Among the lines below, a stretch begins at the one with "Name: turquoise dragon" and ends at the one with "Diversity products are". Repeat that stretch exactly, ends included.

### Supplied material:
+++
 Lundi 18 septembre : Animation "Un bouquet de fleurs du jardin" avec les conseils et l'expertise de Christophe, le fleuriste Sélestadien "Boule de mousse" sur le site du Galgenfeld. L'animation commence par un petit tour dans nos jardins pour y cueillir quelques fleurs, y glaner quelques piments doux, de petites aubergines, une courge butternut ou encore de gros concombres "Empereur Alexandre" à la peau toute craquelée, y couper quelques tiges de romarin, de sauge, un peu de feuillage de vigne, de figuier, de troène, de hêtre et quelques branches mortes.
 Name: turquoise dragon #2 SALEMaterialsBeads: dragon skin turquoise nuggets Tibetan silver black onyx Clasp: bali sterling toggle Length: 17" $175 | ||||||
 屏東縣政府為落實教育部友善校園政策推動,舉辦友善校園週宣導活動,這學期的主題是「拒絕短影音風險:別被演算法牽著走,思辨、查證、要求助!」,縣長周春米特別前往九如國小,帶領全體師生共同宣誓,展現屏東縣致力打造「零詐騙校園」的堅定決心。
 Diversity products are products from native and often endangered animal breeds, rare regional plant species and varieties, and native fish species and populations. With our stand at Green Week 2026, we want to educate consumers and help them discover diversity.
+++
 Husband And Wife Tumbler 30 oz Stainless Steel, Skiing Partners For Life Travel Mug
+++
### Task solution:
 Name: turquoise dragon #2 SALEMaterialsBeads: dragon skin turquoise nuggets Tibetan silver black onyx Clasp: bali sterling toggle Length: 17" $175 | ||||||
 屏東縣政府為落實教育部友善校園政策推動,舉辦友善校園週宣導活動,這學期的主題是「拒絕短影音風險:別被演算法牽著走,思辨、查證、要求助!」,縣長周春米特別前往九如國小,帶領全體師生共同宣誓,展現屏東縣致力打造「零詐騙校園」的堅定決心。
 Diversity products are products from native and often endangered animal breeds, rare regional plant species and varieties, and native fish species and populations. With our stand at Green Week 2026, we want to educate consumers and help them discover diversity.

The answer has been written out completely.